Indeed one of those has HotPlug, but the other does not.
pcib3@pci0:2:1:0:       class=0x060400 rev=0xca hdr=0x01 vendor=0x10b5 device=0x8724 subvendor=0x16b8 subdevice=0x7404
    vendor     = 'PLX Technology, Inc.'
    device     = 'PEX 8724 24-Lane, 6-Port PCI Express Gen 3 (8 GT/s) Switch, 19 x 19mm FCBGA'
    class      = bridge
    subclass   = PCI-PCI
    cap 01[40] = powerspec 3  supports D0 D3  current D0
    cap 05[48] = MSI supports 8 messages, 64 bit, vector masks
    cap 10[68] = PCI-Express 2 downstream port max data 256(1024) RO NS ARI disabled
                 max read 128
                 link x4(x4) speed 8.0(8.0) ASPM disabled(L1)
                 slot 1 power limit 25000 mW HotPlug(present) Attn Button PC(off) MRL(open)

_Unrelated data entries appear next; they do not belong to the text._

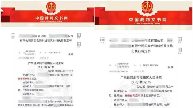·深圳市福田區(qū)人民法院的兩份執(zhí)行裁定書將江蘇南京錯寫成“安徽省南京市”,已從裁判文書網(wǎng)撤下。
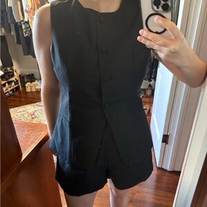Elegant black vest with a sleek design with matching shorts. Commence set
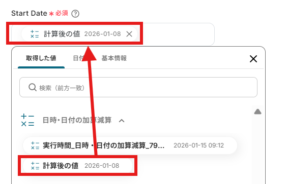 「Start Data」は取得した値から「計算後の値」を入力しましょう。
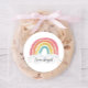 Colourful Rainbow Calligraphy Kids Birthday Classic Round Sticker features a hand drawn rainbow in shades of pink, orange, yellow and turquoise and a trendy calligraphy name. The back is blank for your hand written message.
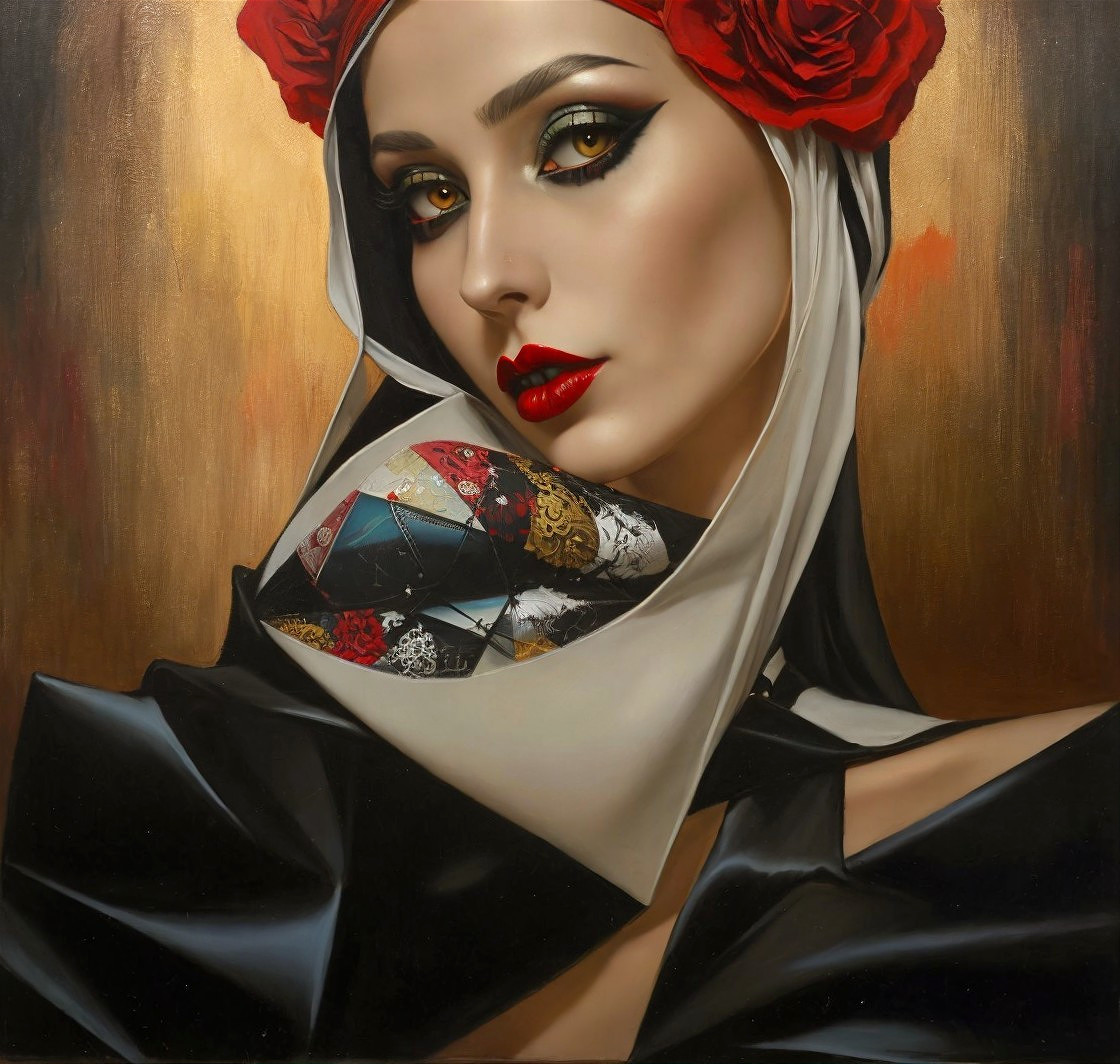 A sophisticated portrait painting of a woman in a black and white habit, with vibrant red lipstick. The woman has dark hair adorned with red roses and striking amber eyes, framed by dramatic black winged eyeliner and green eyeshadow. Her skin has a soft glow with subtle blush. Inside the white collar of her habit

    cap 0d[a4] = PCI Bridge subvendor=0x16b8 subdevice=0x7404
    ecap 0003[100] = Serial 1 ca870010b5df0e00
    ecap 0001[fb4] = AER 1 0 fatal 0 non-fatal 0 corrected
    ecap 0004[138] = Power Budgeting 1
    ecap 0019[10c] = PCIe Sec 1 lane errors 0
    ecap 0002[148] = VC 1 max VC0
    ecap 0012[e00] = Multicast 1
    ecap 000d[f24] = ACS 1 Source Validation disabled, Translation Blocking disabled
                     P2P Req Redirect disabled, P2P Cmpl Redirect disabled
                     P2P Upstream Forwarding disabled, P2P Egress Control disabled
                     P2P Direct Translated disabled, Enhanced Capability unavailable
    ecap 000b[b70] = Vendor [1] ID 0001 Rev 0 Length 16
pcib4@pci0:2:2:0:       class=0x060400 rev=0xca hdr=0x01 vendor=0x10b5 device=0x8724 subvendor=0x16b8 subdevice=0x7404
    vendor     = 'PLX Technology, Inc.'
    device     = 'PEX 8724 24-Lane, 6-Port PCI Express Gen 3 (8 GT/s) Switch, 19 x 19mm FCBGA'
    class      = bridge
    subclass   = PCI-PCI
    cap 01[40] = powerspec 3  supports D0 D3  current D0
    cap 05[48] = MSI supports 8 messages, 64 bit, vector masks
    cap 10[68] = PCI-Express 2 downstream port max data 256(1024) RO NS ARI disabled
                 max read 128
                 link x4(x4) speed 8.0(8.0) ASPM disabled(L1)
                 slot 2 power limit 25000 mW
    cap 0d[a4] = PCI Bridge subvendor=0x16b8 subdevice=0x7404
    ecap 0003[100] = Serial 1 ca870010b5df0e00
    ecap 0001[fb4] = AER 1 0 fatal 0 non-fatal 0 corrected
    ecap 0004[138] = Power Budgeting 1
    ecap 0019[10c] = PCIe Sec 1 lane errors 0
    ecap 0002[148] = VC 1 max VC0
    ecap 0012[e00] = Multicast 1
    ecap 000d[f24] = ACS 1 Source Validation disabled, Translation Blocking disabled
                     P2P Req Redirect disabled, P2P Cmpl Redirect disabled
                     P2P Upstream Forwarding disabled, P2P Egress Control disabled
                     P2P Direct Translated disabled, Enhanced Capability unavailable
    ecap 000b[b70] = Vendor [1] ID 0001 Rev 0 Length 16


What's more strange, I can now mount the nvme0 drive on pci3 (which has HP), even though it didn't work before. Attempting to mount nvme1 still doesn't work.